Em busca de qualidade
de vida, a motorista de aplicativo Simone resolveu mudar sua rotina para
diminuir a quantidade de horas trabalhadas na madrugada. Agora, começa às 14h e
para às 2h.
"É uma forma que
encontrei de conseguir dormir mais à noite e voltar a fazer coisas que
gostava", diz ela.
"Antes, minha
vida era somente trabalhar e dormir".
• Quais são os direitos do trabalhador
noturno?
No Brasil, a
legislação trabalhista proíbe que menores de 18 anos trabalhem em jornadas
noturnas, que vão das 22h às 5h.
"Essa medida visa
garantir não somente a segurança, como o desenvolvimento saudável dos
menores", diz Mauricio Nahas Borges, advogado e membro da Comissão da
Advocacia Trabalhista da OAB-SP.
Borges explica ainda
que o trabalhador noturno tem direito a receber um acréscimo de até 20% no
valor pago pela hora trabalhada, o chamado adicional noturno.
Além disso, se o
empregado iniciar sua jornada às 22h de um dia e tiver esta jornada estendida
para o período diurno, ou seja, após às 5h, o adicional noturno deve ser pago
para todas as horas daquela jornada.
Outra diferença é a
hora reduzida.

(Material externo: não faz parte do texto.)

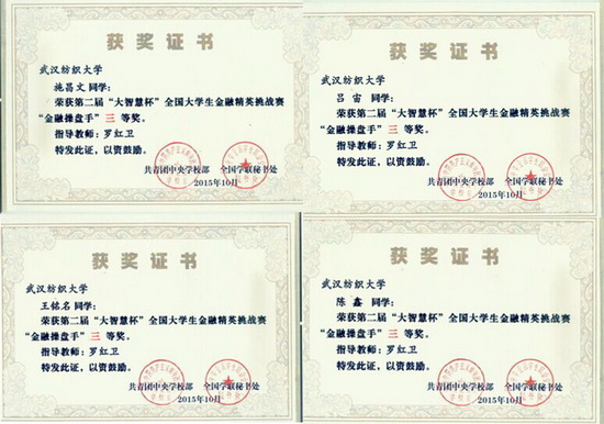 近日,历时两个多月的第二届“大智慧杯”全国大学生金融精英挑战赛落下帷幕,经过预赛、复赛的激烈角逐,我校经济学院罗红卫老师指导的王铭名、吕宙、陈鑫、施昌文四名同学荣获“金融操盘手”三等奖。

Enquanto a hora normal do trabalhador diurno dura 60 minutos, a
hora noturna, segundo a lei, nas atividades urbanas, é computada como sendo de
52 minutos e 30 segundos.
Isso significa que, na
prática, ao final de uma jornada de oito horas, por exemplo, o trabalhador vai
receber por nove horas trabalhadas, acrescidas do adicional de 20%.
Segundo Francisco
Cortes Fernandes, da ANAMT, essas regras trabalhistas visam mitigar os impactos
da jornada noturna na saúde do empregado.
"Além dessas
medidas, também é importante evitar jornadas de trabalho noturnas prolongadas e
mais de três turnos noturnos consecutivos", alerta Fernandes.